Although DApps can look similar to regular mobile apps on your phone, their backend system is different. DApps rely on smart contracts on a distributed network instead of a centralized system to function. It makes them more transparent, decentralized, and resistant to attacks but also introduces new challenges.
As the name suggests, DApps run on decentralized peer-to-peer networks and have the following features:
- Open-source: The source code of DApps is available to the public, meaning anyone can verify, use, copy, and modify them. There is no single entity controlling the majority of its coins or tokens. Users can propose and vote on changes to the DApp too.
- Decentralized and cryptographically secure: To ensure data safety, all information of the DApp is cryptographically secured and stored on a public, decentralized blockchain maintained by multiple users (or nodes).
- A tokenized system: DApps can be accessed with a cryptographic token. They can adopt cryptocurrencies like ETH or generate a native token using a consensus algorithm, such as Proof of Work (PoW) or Proof of Stake (PoS). The token can also be used to reward contributors like miners and stakers.

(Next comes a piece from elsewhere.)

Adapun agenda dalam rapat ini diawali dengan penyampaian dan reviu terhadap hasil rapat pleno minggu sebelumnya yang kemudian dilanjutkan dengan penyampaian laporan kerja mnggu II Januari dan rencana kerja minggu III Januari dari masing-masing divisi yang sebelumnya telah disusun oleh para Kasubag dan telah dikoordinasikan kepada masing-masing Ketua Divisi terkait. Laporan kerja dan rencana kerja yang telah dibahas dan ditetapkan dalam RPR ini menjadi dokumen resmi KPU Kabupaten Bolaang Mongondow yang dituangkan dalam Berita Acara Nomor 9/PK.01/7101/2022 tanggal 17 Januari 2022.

A Decentralized Autonomous Organization or DAO is a community-led group governed using tokens or NFTs that grant members voting rights. DAOs use smart contracts to execute commands automatically whenever a set of conditions are met. As the name suggests, DAOs are decentralized and autonomous. The rules of a DAO are stored on an opensourced blockchain, meaning anyone can look at their code and transaction records. A central entity does not direct the decisions in a DAO but through proposals shared with the project community, who then vote on them.

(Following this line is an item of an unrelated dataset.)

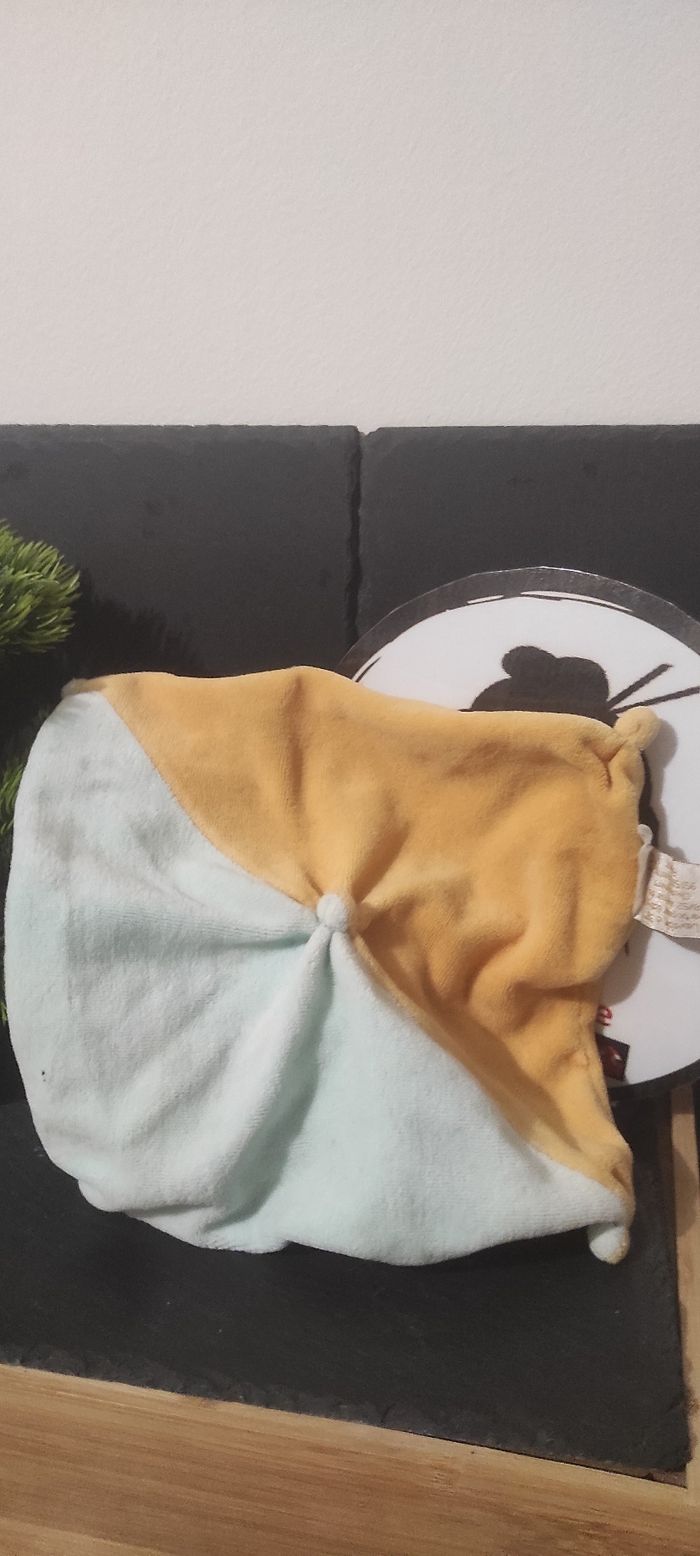 Doudou plat ours orange bleu jaune baby nat ancien bonnet carré colerette Noeud - photo numéro 2

In a sense, a DAO functions similarly to a corporation, except it works without a hierarchical structure; it attempts to provide a new, democratic process through decentralized governance. Unlike a traditional organization, members of a DAO are not bound by any formal contract. Instead, they are bound together by a common goal or incentives written into their rules.
There are many types of DAOs out there, and you can even create your own if you wish.

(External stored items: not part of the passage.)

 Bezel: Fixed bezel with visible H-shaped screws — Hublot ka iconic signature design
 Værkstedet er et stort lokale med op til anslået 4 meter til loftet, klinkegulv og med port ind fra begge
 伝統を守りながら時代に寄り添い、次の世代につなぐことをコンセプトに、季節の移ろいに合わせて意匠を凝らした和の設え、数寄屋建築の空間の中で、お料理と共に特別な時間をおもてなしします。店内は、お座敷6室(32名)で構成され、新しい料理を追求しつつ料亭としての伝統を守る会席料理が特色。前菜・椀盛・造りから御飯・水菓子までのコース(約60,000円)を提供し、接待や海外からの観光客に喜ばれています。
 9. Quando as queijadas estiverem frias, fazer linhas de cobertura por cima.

DeFi stands for “decentralized finance” and refers to the ecosystem of financial applications developed on top of blockchain systems.
DeFi may be defined as the movement that promotes using decentralized networks and open-source software to create multiple types of financial services and products. The idea is to develop and operate financial DApps on top of a transparent and trustless framework, such as permissionless blockchains and other peer-to-peer (P2P) protocols.
Currently, the three most significant functions of DeFi are:
- Creating monetary banking services (e.g., issuance of stablecoins)
- Providing peer-to-peer or pooled lending and borrowing platforms
- Enabling advanced financial instruments such as DEX, tokenization platforms, derivatives and predictions markets.
The metaverse is a concept of a persistent, online universe that combines multiple different virtual spaces. You can think of it as a future iteration of the internet. The metaverse will allow users to work, meet, game, and socialize in these spaces.
The metaverse isn’t entirely in existence, but some platforms contain metaverse-like elements. Video games currently provide the closest metaverse experience on offer. Developers have pushed the boundaries of what a game is by hosting in-game events and creating virtual economies.
Although not required, cryptocurrencies can be an excellent fit for a metaverse. They allow creating a digital economy with different types of utility tokens and virtual collectables through the use of NFTs. The metaverse would also benefit from using crypto wallets like Trust Wallet and MetaMask. Also, blockchain technology can provide transparent and reliable governance systems.
Blockchain, metaverse-like applications already exist and provide people with liveable incomes. Axie Infinity is one playto-earn game many users play to support their income. SecondLive and Decentraland are other examples of successfully mixing the blockchain world and virtual reality apps.